Ces dernière semaines ont été l'occasion d'un nouveau piétinement de la liberté d’expression. L’Éducation nationale a décidé de suspendre de leurs fonctions, pendant trois mois, deux professeurs de philosophie en raison de leurs prises de position politiques et sociales.
Selon l’administration, les deux enseignants auraient porté atteinte au bon fonctionnement de l’institution. Retranchés derrière des notions juridiques noyées de casuistique, les instances disciplinaires ont choisi d’évincer messieurs Franklin Nyamsi et René Chiche.
Le premier, suivi par plus de 160.000 personnes sur le réseau social Twitter, critique régulièrement la politique africaine de la France. Le second, suivi par plus de 100.000 personnes, intervient régulièrement sur les chaînes de télévision et les radios pour dénoncer l’état intellectuel catastrophique de l’enseignement dans notre pays. De surcroît, et c’est essentiel de le souligner, M. Chiche est également responsable syndical.
Ajoutons que ces sanctions sont accompagnées de la privation des droits à rémunération et des droits à avancement et retraite. Par ailleurs, les lycéens sont directement impactés puisqu'ils sont privés de leurs enseignants quelques semaines avant le baccalauréat de philosophie.
Sous un angle strictement juridique, ces sanctions opportunistes obscurcissent un peu plus le paysage de la pensée politique et de l’opinion libre.
Rappelons que l’obligation ou le devoir de réserve, stricto sensu, n’est pas prévu par la loi, excepté pour certains statuts spécifiques comme celui des militaires ou celui des magistrats. La représentation nationale n’a donc jamais contraint à la réserve le professeur ou l’enseignant. Ce devoir est une stricte création prétorienne. Il prend sa source dans une jurisprudence du Conseil d’État déjà ancienne, du 15 janvier 1935, par un arrêt fondateur dit « Bouzanquet ». Autrement dit, il s’agit d’une obligation créée par les juges et contrôlée par ces mêmes juges.
Lors des débats parlementaires relatifs au statut général des fonctionnaires au début des années 1980, un amendement avait été déposé pour inscrire l’obligation de réserve dans la loi relative aux droits et obligations desdits fonctionnaires. Le ministre de la Fonction publique, en son temps, avait rejeté cet amendement en expliquant qu’il fallait « laisser le soin au juge administratif d'apprécier au cas par cas les limites au droit d'expression imposées aux fonctionnaires par l'obligation de réserve ». C’était, ainsi, donner un pouvoir au juge au détriment de la volonté populaire.
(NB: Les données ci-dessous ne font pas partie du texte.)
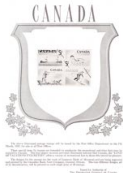
Feuille de présentation des premiers timbres canadiens se tenant émis en 1957.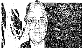
DIP. MANUEL AÑORVE BAÑOS Presidente GP-PRI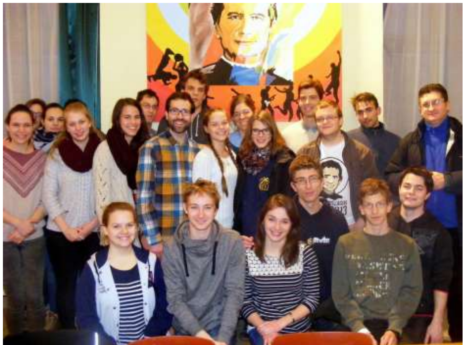
Az óbudai animátorok egy hétvégét töltöttek Balassagyarmaton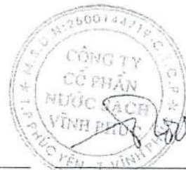
Ngô Trường Giang Chủ tịch Hội đồng Quản trị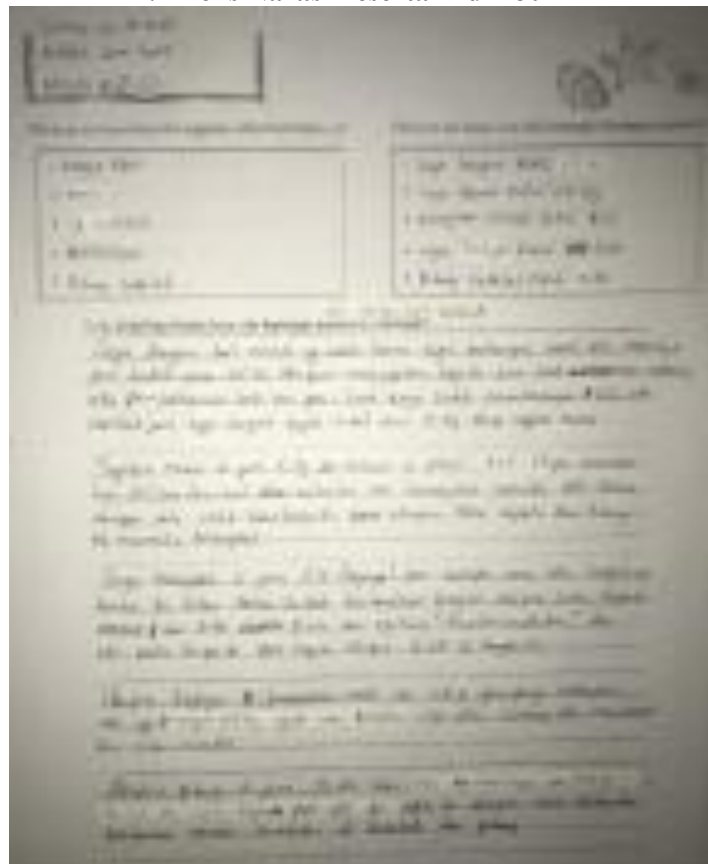
Gambar 2. Teks Narasi Peserta Didik Jumi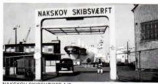
NAKSKOV SKIBSVÆRFT A/S

ØK-koncernen, der omfatter 260 virksomheder i mere end 40 lande, er også i Danmark en stor arbejdsplads. ØK beskæftiger 9558 i Danmark: 8209 på virksomheder i land og 1349 på Kompagniets 29 skibe, der alle sejler under Dannebrog. Og koncernen investerer til stadighed i danske virksomheder og dermed danske arbejdspladser — over hele landet.

Le danger d’une telle situation provient de l’absence de cadre juridique clarifié et précisément défini. Afin de ne pas tomber sous le coup de la sanction, l’agent peut exprimer une opinion qui ne doit pas avoir de caractère excessif ou insultant vis-à-vis du service. Il doit veiller à s’exprimer avec une certaine retenue afin que son comportement ne nuise pas à l’administration à laquelle il appartient.
Or, toutes ces notions évoquées peuvent laisser cours à des interprétations diverses. Sur quels critères décider, juridiquement, du « caractère excessif d’un propos » ? Comment estimer que ce même propos a été exprimé sans une « certaine retenue » ? D’abord les commissions de discipline et ensuite les juges apprécieront, alors, au cas par cas. Ce sont ces seules appréciations qui font leur office et partant, cela devient une atteinte fondamentale à la sécurité juridique.
A ce titre, le ministre de l’Éducation nationale, a justifié les sanctions prononcées en affirmant que les professeurs avaient tenu « des propos outranciers, complotistes, injurieux d’une très grande violence ». Pap Ndiaye a ajouté, « nous garantissons le droit de libre expression, mais ce type de propos d’entre pas dans le droit de libre expression ». C’est évidemment là tout le problème. Ça ne devrait pas être au ministre, ni aux supérieurs hiérarchiques, ni mêmes aux juges, de décider que les propos tenus n’entrent pas dans le droit de la libre expression. Seul le peuple devrait pouvoir décider.
Le devoir de réserve est manifestement dévoyé. Certains hauts fonctionnaires ou hommes politiques ne supportent plus que l’on puisse contester leurs insuffisances, leurs décisions iniques ou que l’on ose la contradiction. Ils mettent donc en œuvre les procédures leur permettant d’évincer l’opinion qui dérange et celui qui la livre. Ces deux professeurs sont victimes de l’évolution de la censure dans notre pays. Cette censure à géométrie si variable.